NVIDIA Holoscan SDK v3.0.0

Class CudaObjectHandler

class CudaObjectHandler

This class handles usage of CUDA streams for operators.

When using CUDA operations the default stream ‘0’ synchronizes with all other streams in the same context, see https://docs.nvidia.com/cuda/cuda-runtime-api/stream-sync-behavior.html#stream-sync-behavior. This can reduce performance. The CudaObjectHandler class manages CUDA streams and events across operators and makes sure that CUDA operations are properly chained.

Usage:

  • This class is automatically added as an internal data member of each operators ExecutionContext. It will be automatically configured by ExecutionContext::init_cuda_object_handler(op) by GXFWrapper::start(), just before Operator::start is called.

  • A stream pool for use by CudaObjectHandler can be added to the operator either by explicitly adding a parameter with type std::shared_ptr<CudaStreamPool> and name cuda_stream_pool or by passing an Arg<std::shared_ptr<CudaStreamPool>> to Fragment::make_operator when creating the operator. It is not required to provide a stream pool, but allocation of an internal stream or allocation of additional streams via allocate_cuda_stream is only possible if a stream pool is present.

  • This class is not intended for direct use by Application authors, but instead to support the public methods available on InputContext, OutputContext and ExecutionContext as described below.

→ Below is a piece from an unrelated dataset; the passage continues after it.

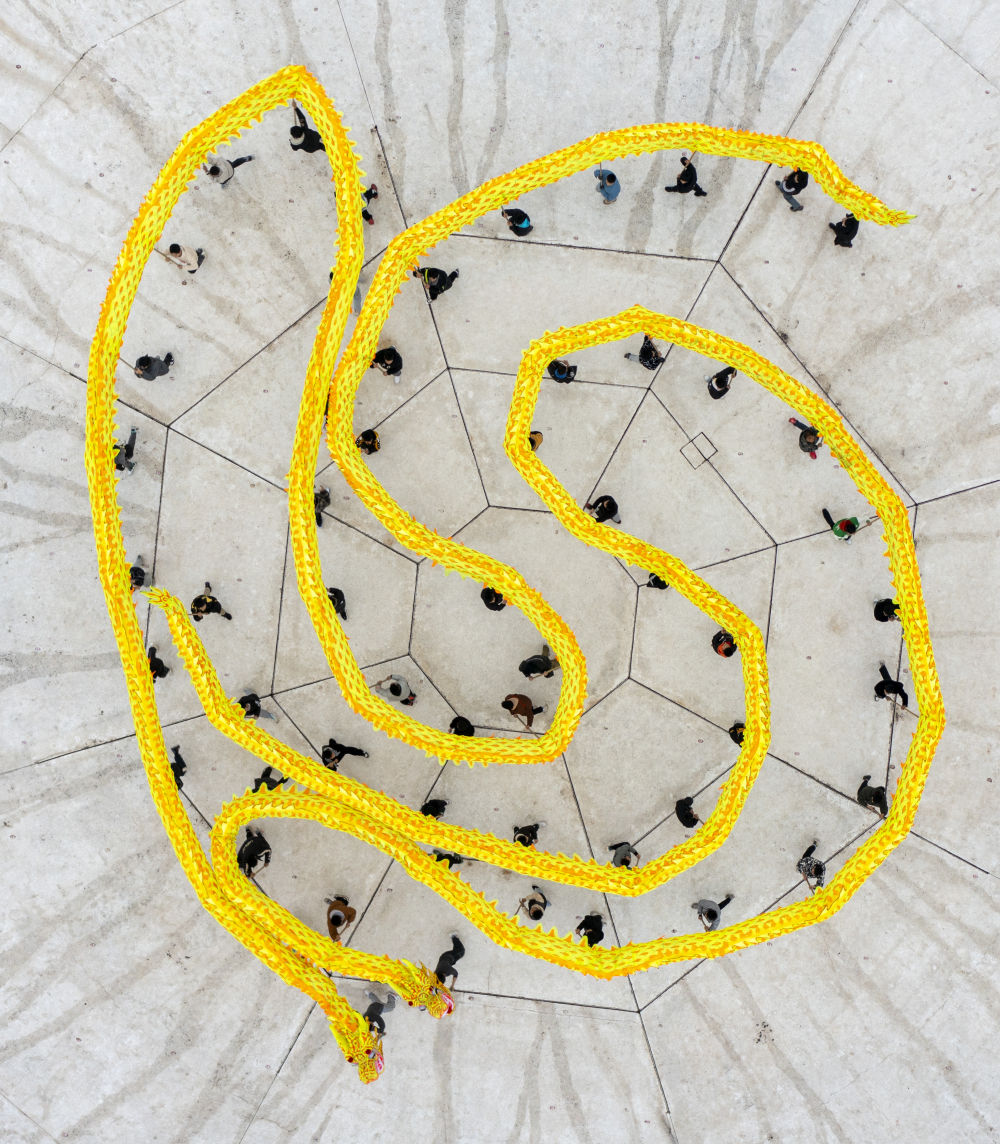 1月18日,在重庆市铜梁区巴岳山玄天湖景区的山水实景剧《追梦·铜梁龙》剧场内,铜梁龙舞的表演者们进行龙舞彩排(无人机照片)。

  • When the InputContext::receive method is called for a given port, the operator’s CudaObjectHandler class will update its internal mapping of the streams available on the input ports.

  • When InputContext::receive_cuda_stream is called, any received streams found by the prior receive call for the specified port will be synchronized to the operator’s internal stream and then that internal stream will returned as a standard CUDA Runtime API cudaStream_t. If no CudaStreamPool was configured, it will not be possible to create the internal stream, so in that case, the first CUDA stream found on the input will be returned and any remaining streams on the input are synchronized to it. If there are no streams on the input port and there is no internal CudaStreamPool, then cudaStreamDefault is returned. When a non-default stream is returned, this method calls cudaSetDevice to set the active device to match the stream that is returned. When a non-default stream is returned, this method also will have automatically configured the output ports of the operator to emit that stream, so manually calling OutputContext::set_cuda_stream is not necessary when using this method.

  • The InputContext::receive_cuda_streams method is intended for advanced use cases where the user wants to handle all streams found and their synchronization manually. It just returns a vector<std::optional<cudaStream_t>> where the size of the vector is equal to the number of messages found on the input port. Any messages without a stream will have a std::nullopt entry in the vector.

  • The ExecutionContext::allocate_cuda_stream method can be used if it is necessary to allocate an additional stream for use by the operator. In most cases, this will not be necessary and the stream that is returned by InputContext::receive_cuda_stream can be used.

  • The ExecutionContext::device_from_stream method can be used to determined which CUDA device id a given cudaStream_t returned by InputContext::receive_cuda_stream or InputContext::receive_cuda_streams belongs to.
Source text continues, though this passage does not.